■ **What is expected**: Retype the listing below exactly, pictures removed.

■ **Given information**:
------------

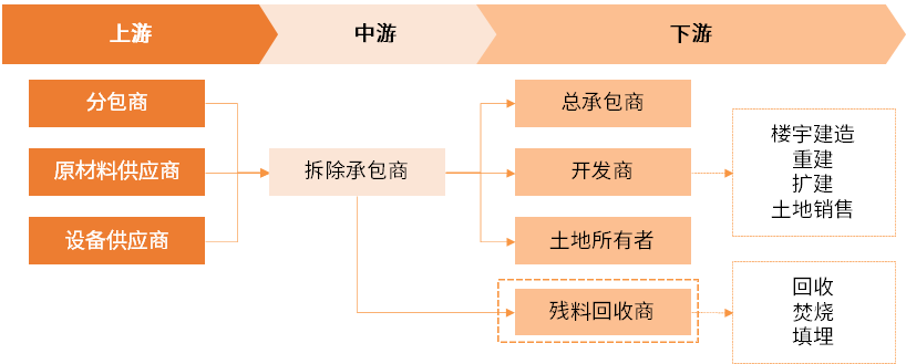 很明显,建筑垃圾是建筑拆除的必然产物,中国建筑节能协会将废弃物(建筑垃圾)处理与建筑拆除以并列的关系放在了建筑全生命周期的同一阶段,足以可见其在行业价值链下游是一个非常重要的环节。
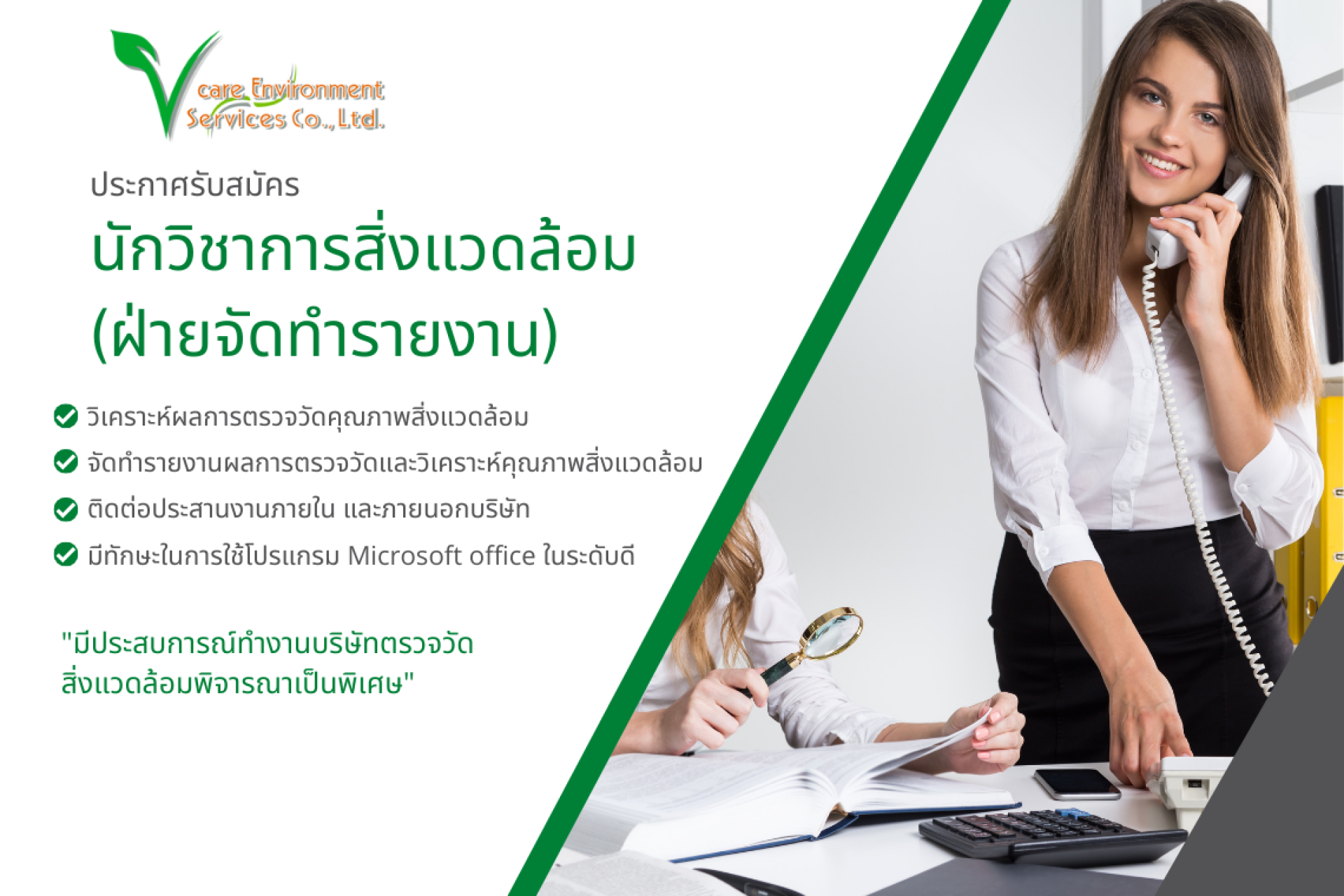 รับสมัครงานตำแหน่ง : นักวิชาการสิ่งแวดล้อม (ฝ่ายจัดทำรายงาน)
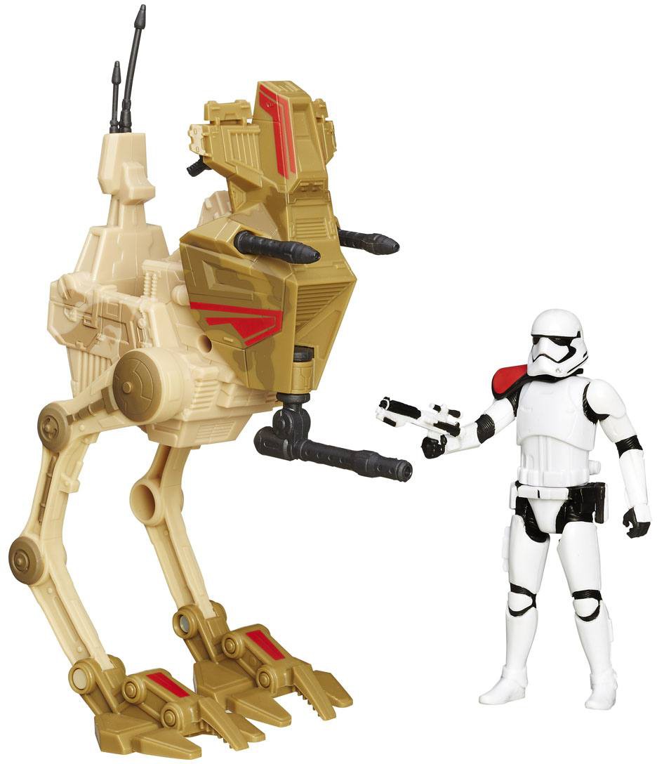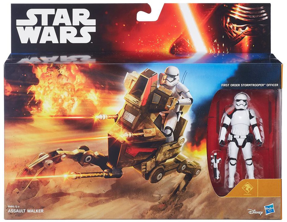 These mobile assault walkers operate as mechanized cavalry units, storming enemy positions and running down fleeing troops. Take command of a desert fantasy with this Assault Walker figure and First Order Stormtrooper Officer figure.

------------

■ **Answer for this exercise**:
 很明显,建筑垃圾是建筑拆除的必然产物,中国建筑节能协会将废弃物(建筑垃圾)处理与建筑拆除以并列的关系放在了建筑全生命周期的同一阶段,足以可见其在行业价值链下游是一个非常重要的环节。
 รับสมัครงานตำแหน่ง : นักวิชาการสิ่งแวดล้อม (ฝ่ายจัดทำรายงาน)
 These mobile assault walkers operate as mechanized cavalry units, storming enemy positions and running down fleeing troops. Take command of a desert fantasy with this Assault Walker figure and First Order Stormtrooper Officer figure.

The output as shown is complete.